Enough of these documentaries of the sexual revolution. What we need now is a revolution of the sexual documentary. Hardly a month goes by without yet another analysis of the upheaval in middleclass morality that's allegedly sweeping the land (for "land." read California), and most of these movies are so uplifting and earnest that we end up nostalgic for the good old days of inhibition. At least in those days an illicit thrill was both illicit and a thrill.
"Sandstone," for example, is a documentary about a loosely defined group of people who live or visit in a rambling ranch house in the hills above Los Angeles. They seem like ordinary enough folks, pulling up in their Volkswagen stations wagons and talking about their last vacation and lining up with paper plates for the buffet dinner. But they're more liberated, freer, more open and loving than their fellow beings down in the valley; they take off their clothes and embrace each other a lot and get into heavy rap sessions. And, likely as not, by the time the weekend's over they'll have had sex with various friends, strangers, lovers or even spouses.
This is known as strengthening a relationship, or testing a relationship, or finding new validity in a relationship. They all talk a lot about relationships. They sit on sofas and debate whether their relationships are "ready" for the idea of the husband or wife having sex with someone else: "Right now it'd be threatening," they say, "but maybe in a couple of years our relationship will be strong enough for that trip."
They're mostly married, it would appear; and in "Sandstone" it almost seems that the purpose of marriage is to cement a relationship so sound that it can flourish on adultery. Now it's called "being honest," but a bird by any other name is as good as one in the bush. Don't get me wrong; these people ARE open, loving, frank and caring, and they do want to love one another and build more human relationships.
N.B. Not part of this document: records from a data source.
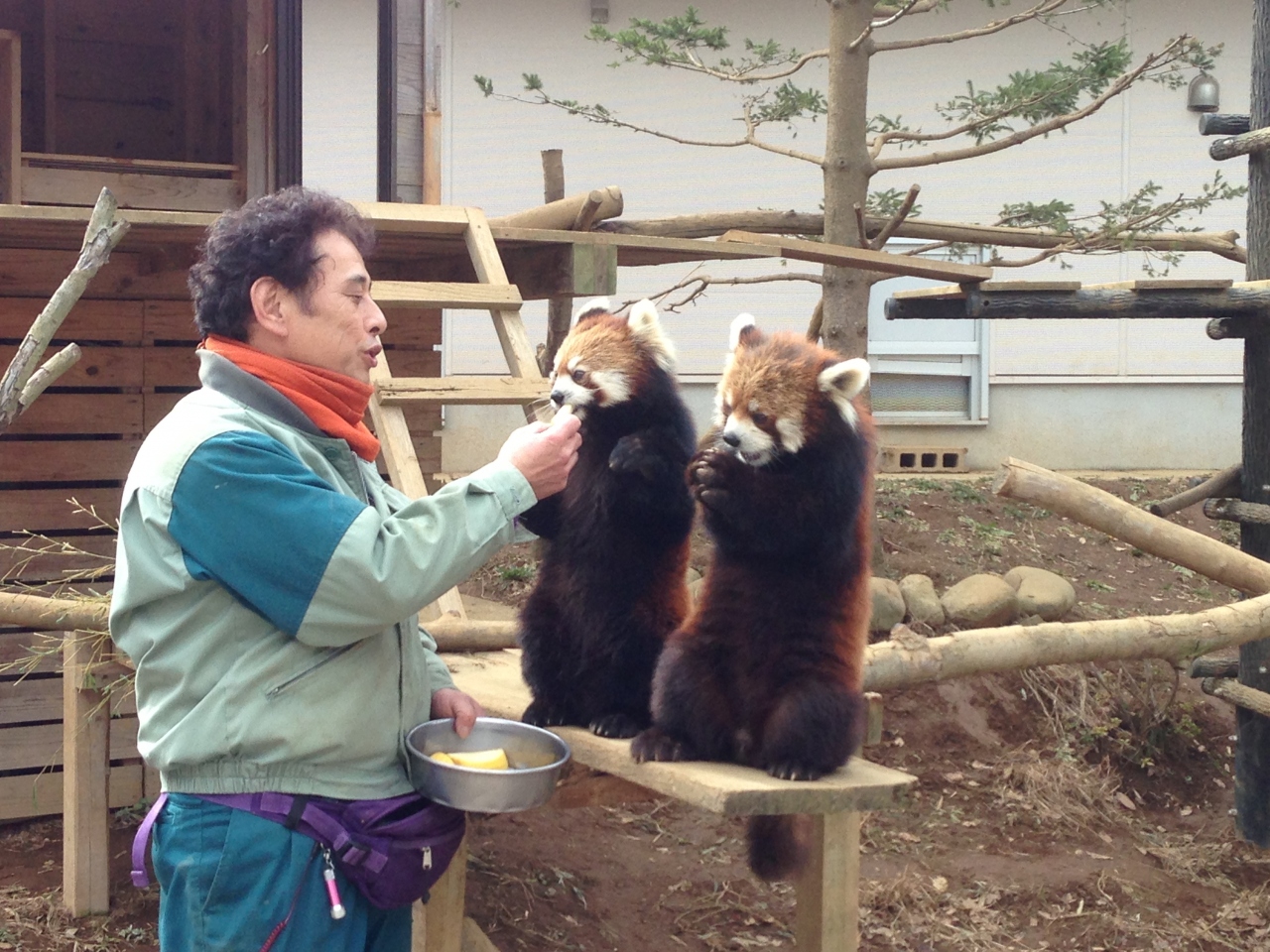レッサーパンダは13:30頃からおやつタイムなので、その時間に合わせて行くと良いです。飼育員さんがりんごをあげながら解説してくれます。おやつの時はレッサーパンダたちは立ち上がってもらっています。(風太くんが有名ですね。)
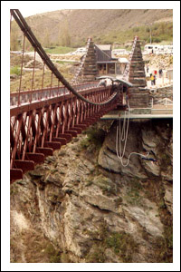 Hinter Gibbston führen zwei Brücken über den Kawarau River. Eine ist für den Verkehr freigegeben, die andere dem Bungee Jumping. Von der 1880 fertiggestellten Brücke stürzte sich etwa 100 Jahre später ein Neuseeländer an einem Hight-Tech-Spezialseil in die Tiefe. Der Sprung in die 43m tiefe Schlucht löste einen weltweiten Boom aus. Seitdem pilgern täglich „Yo Yo Willige“ zur alten Brücke. Als ich über die Brücke laufe, bereitet sich gerade eine Frau auf den Adrenalinkick vor. Der letzte Schritt scheint ihr jedoch trotz freiwilliger Entscheidung nicht leicht zu fallen. Immer wieder zögert sie den Fall in die Tiefe hinaus. Da helfen auch gute Sprüche der anwesenden Freunde nichts. Persönlich kann ich dieser Fallsucht nichts abgewinnen und ich kann die Frau ganz gut verstehen. Nach endlos scheinenden zehn Minuten nimmt sie ihren letzten Mut zusammen. Ein leichter, nicht ganz fairer, Schups eines Helfers überzeugt noch auf seine eigene Weise und der Rest liegt in der Schwerkraft.
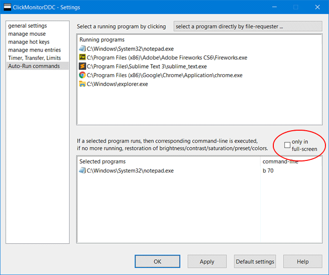 5. Por fim, desmarque a opção “Only in full-screen”, para que o brilho seja alterado sempre que você abrir o programa selecionado e não apenas quando você colocar a janela do programa em tela cheia.
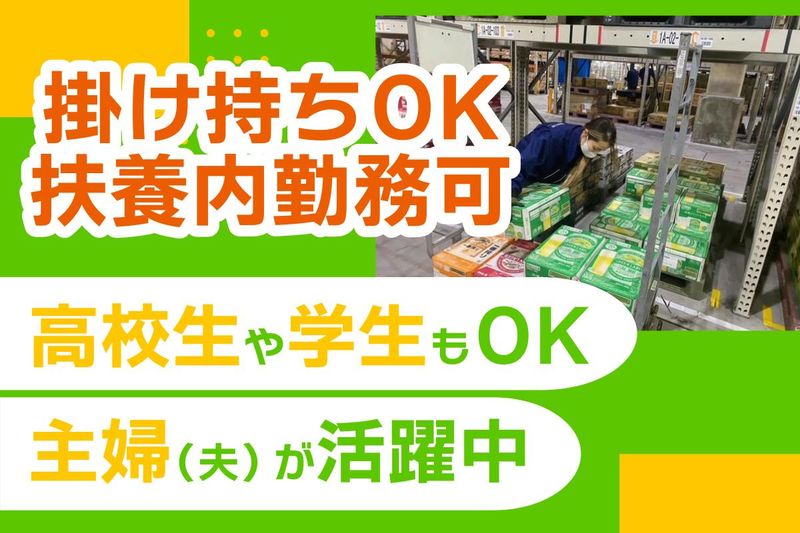 仕事内容 ✨ 20代〜40代の女性スタッフがメインに活躍中! ✨ 「家事の合間に」「子育てと両立して」無理なく働ける職場! 大手食品物流倉庫内での、出荷・入荷に伴うカンタンな作業をお任せします。 重い荷物をずっと運び続けるような重労働はないので、未経験の方もご安心ください! ▼具体的にお任せするのは… 【1】出荷作業 リストを見ながら、注文された食品を棚から集める「ピッキング」がメイン。 ゲーム感覚でテキパキ進めるのが好きな方にピッタリ! 最後にカートへ積み込めば完了です♪ 【2】入荷作業 届いた商品の数に間違いがないかチェックし、ラベルをペタッと貼る作業です。 コツコツ丁寧に進めたい方にオススメ! <<ここがポイント!>> 「動くから、あっという間!」 じっとしている仕事より、適度に体を動かして健康的に働きたい方に人気です! 短時間・扶養内OK! 「9:00〜14:00」「10:00〜15:00」など、お子さんの送迎や夕飯の支度に間に合うシフトが多数あり、 在籍中のパートさんにも人気! 急な予定にも柔軟に対応!チームでカバーし合う文化が根付いています。 20代〜40代が中心の活気ある職場 同年代が多いから、休憩時間はちょっとした子育て相談や世間話で盛り上がることも♪
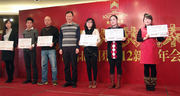 本次新春年会首次将评奖机制引进节目表演中。由7位集团公司领导和2名工会会员代表组成的评审团,从原创性、思想性、艺术感染力、舞台效果等标准对参与演出的14个节目进行了综合评分。最终,欣北公司的《歌曲串烧》、青枫公司的《魔术》、成本管理部徐文晓的独唱《天堂》分获三等奖;审计部、资产经营部、工程管理中心联袂表演的歌舞《新南北好》和营销管理中心表演的歌舞《让我们荡起双桨》分获二等奖,办公室和资产经营部表演的小品《非诚勿扰》获一等奖。集团公司执行总裁、工会主席许尚志为获奖节目的代表进行了颁奖。
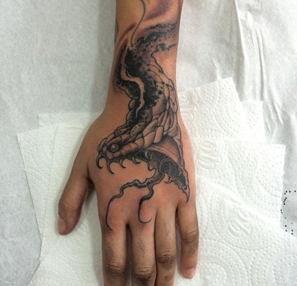 缠绕着骨架骷髅头的怪物蛇图案纹身

It's just that they're so singleminded about it, so somehow definitively middleAmerican: At no moment does their enthusiasm for the Sandstone experience come over more strongly, at no point do their eyes glow quite so much, as when they're lined up for the buffet.
"Sandstone" was made by Jonathan and Bunny Dana, a married couple who've made two award winning documentaries on drug abuse, and they lived at Sandstone for a year. They seem to be sincere people, making a film about something important to them and yet where did they misplace a saving sense of humor? Their film doesn't record the human comedy that's almost inevitable in a situation like Sandstone; it's too reverent, and the Danas are too sold on the whole idea to preserve a certain observant wit.
That leaves us, then, with the one scene in the film that does retain some perspective, however eccentric. A vigorous man in his 60s explains and demonstrates his remarkable camper van, which has been customized and outfitted into a veritable Playboy mansion on wheels. He has a bed in the back surrounded with mirrors at every possible angle; he has stereo music piped in; he has a "120 foot candle light source" to illuminate strategic areas, and he has the most unusual stick shift you've ever seen. He also has slyness and glee and a great deal more of the life force than all the others with their relationships to be tested and their emotions to be shared and their really heavy trips.